[Task description] From the line containing "Bác Voi tới" to the line containing "Враховуючи ці особливості, учням" in the entries below, reproduce every line exactly, ends included. Nothing else belongs in the copy, and no pictures.

[Given data]

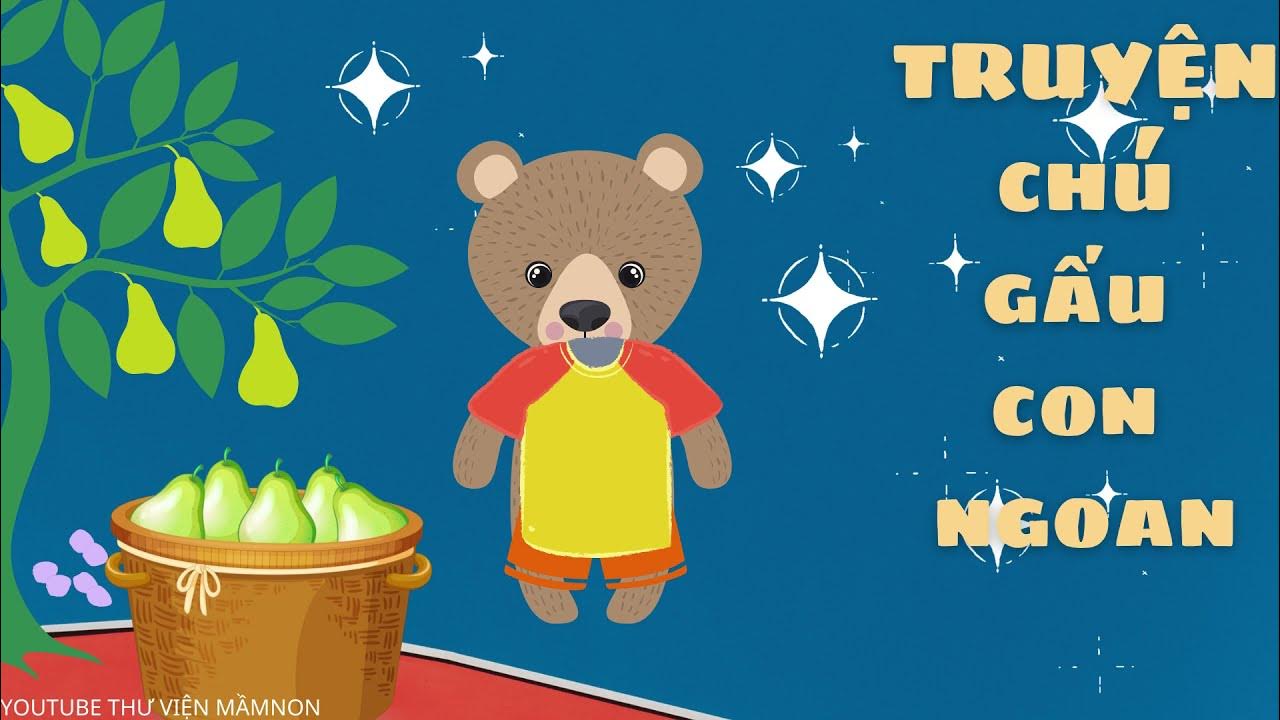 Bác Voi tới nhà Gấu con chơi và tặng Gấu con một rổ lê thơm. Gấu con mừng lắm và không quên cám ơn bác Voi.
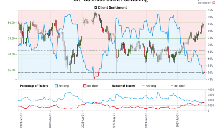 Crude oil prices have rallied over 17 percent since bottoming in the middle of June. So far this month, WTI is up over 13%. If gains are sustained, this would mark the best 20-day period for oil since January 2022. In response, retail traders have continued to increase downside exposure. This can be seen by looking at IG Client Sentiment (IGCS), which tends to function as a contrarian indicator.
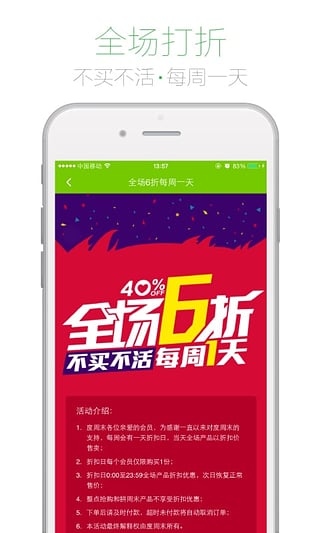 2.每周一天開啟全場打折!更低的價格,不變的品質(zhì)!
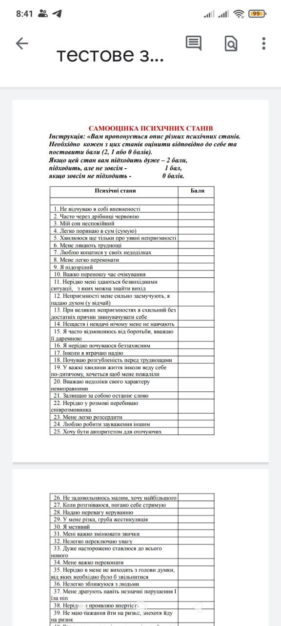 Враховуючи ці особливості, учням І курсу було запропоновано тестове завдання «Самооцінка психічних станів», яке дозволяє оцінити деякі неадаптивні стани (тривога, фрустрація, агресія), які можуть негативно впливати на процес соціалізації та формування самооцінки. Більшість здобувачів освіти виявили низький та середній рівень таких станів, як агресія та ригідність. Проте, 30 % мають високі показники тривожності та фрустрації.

==

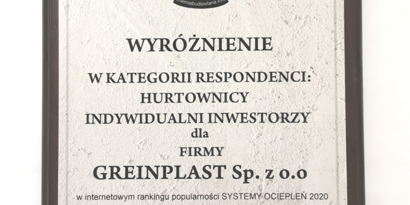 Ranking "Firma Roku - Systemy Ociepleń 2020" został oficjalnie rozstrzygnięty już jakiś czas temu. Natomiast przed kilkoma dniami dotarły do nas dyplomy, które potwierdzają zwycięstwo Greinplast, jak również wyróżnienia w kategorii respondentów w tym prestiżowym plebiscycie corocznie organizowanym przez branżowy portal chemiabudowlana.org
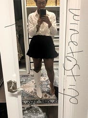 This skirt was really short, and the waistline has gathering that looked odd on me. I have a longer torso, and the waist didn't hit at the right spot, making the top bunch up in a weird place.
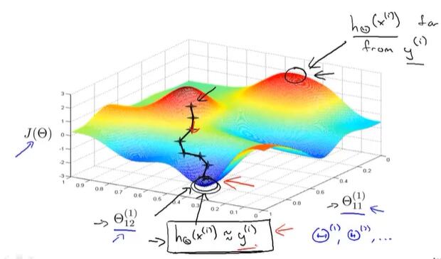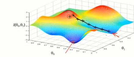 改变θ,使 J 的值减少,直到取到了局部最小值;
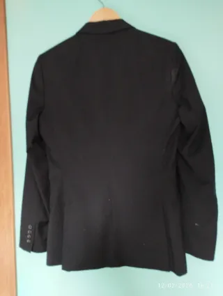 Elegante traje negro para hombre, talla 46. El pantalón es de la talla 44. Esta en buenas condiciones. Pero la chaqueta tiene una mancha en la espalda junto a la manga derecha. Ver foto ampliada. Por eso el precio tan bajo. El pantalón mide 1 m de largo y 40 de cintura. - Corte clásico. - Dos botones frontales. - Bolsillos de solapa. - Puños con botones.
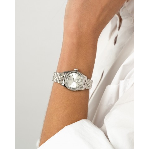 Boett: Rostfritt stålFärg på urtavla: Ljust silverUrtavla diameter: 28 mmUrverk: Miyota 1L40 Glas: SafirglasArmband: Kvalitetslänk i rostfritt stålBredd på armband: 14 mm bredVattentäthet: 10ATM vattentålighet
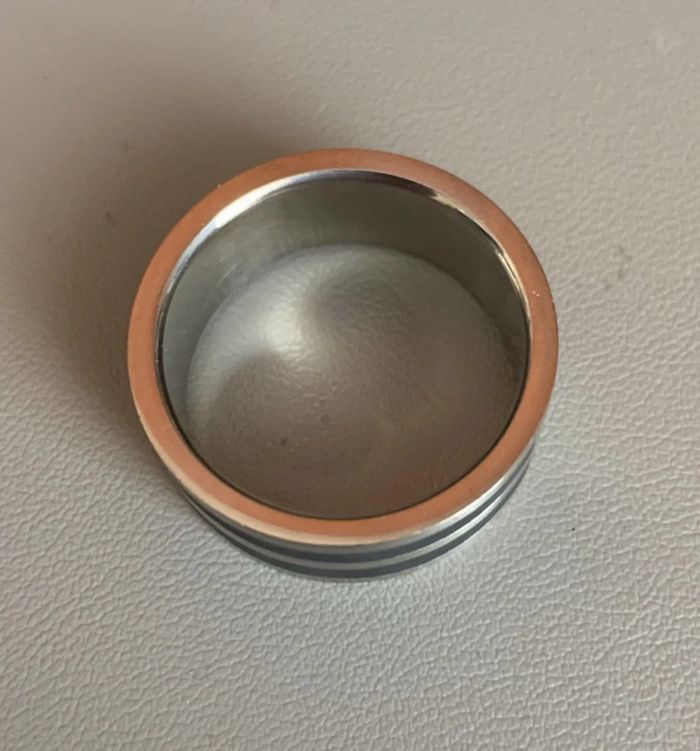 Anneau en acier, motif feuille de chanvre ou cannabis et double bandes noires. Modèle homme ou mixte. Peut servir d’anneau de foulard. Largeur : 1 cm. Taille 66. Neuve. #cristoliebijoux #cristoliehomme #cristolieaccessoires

...

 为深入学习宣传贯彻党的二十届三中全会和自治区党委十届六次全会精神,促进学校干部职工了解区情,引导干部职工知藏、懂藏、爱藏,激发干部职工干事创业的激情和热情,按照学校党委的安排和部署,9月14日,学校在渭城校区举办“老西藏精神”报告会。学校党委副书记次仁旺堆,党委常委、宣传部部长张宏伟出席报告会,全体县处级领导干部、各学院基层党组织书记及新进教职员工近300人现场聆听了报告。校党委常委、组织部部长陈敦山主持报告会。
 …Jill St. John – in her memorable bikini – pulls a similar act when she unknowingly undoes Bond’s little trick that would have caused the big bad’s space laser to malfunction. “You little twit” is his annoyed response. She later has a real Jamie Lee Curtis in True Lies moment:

[Answer space]
 Bác Voi tới nhà Gấu con chơi và tặng Gấu con một rổ lê thơm. Gấu con mừng lắm và không quên cám ơn bác Voi.
 Crude oil prices have rallied over 17 percent since bottoming in the middle of June. So far this month, WTI is up over 13%. If gains are sustained, this would mark the best 20-day period for oil since January 2022. In response, retail traders have continued to increase downside exposure. This can be seen by looking at IG Client Sentiment (IGCS), which tends to function as a contrarian indicator.
 2.每周一天開啟全場打折!更低的價格,不變的品質(zhì)!
 Враховуючи ці особливості, учням І курсу було запропоновано тестове завдання «Самооцінка психічних станів», яке дозволяє оцінити деякі неадаптивні стани (тривога, фрустрація, агресія), які можуть негативно впливати на процес соціалізації та формування самооцінки. Більшість здобувачів освіти виявили низький та середній рівень таких станів, як агресія та ригідність. Проте, 30 % мають високі показники тривожності та фрустрації.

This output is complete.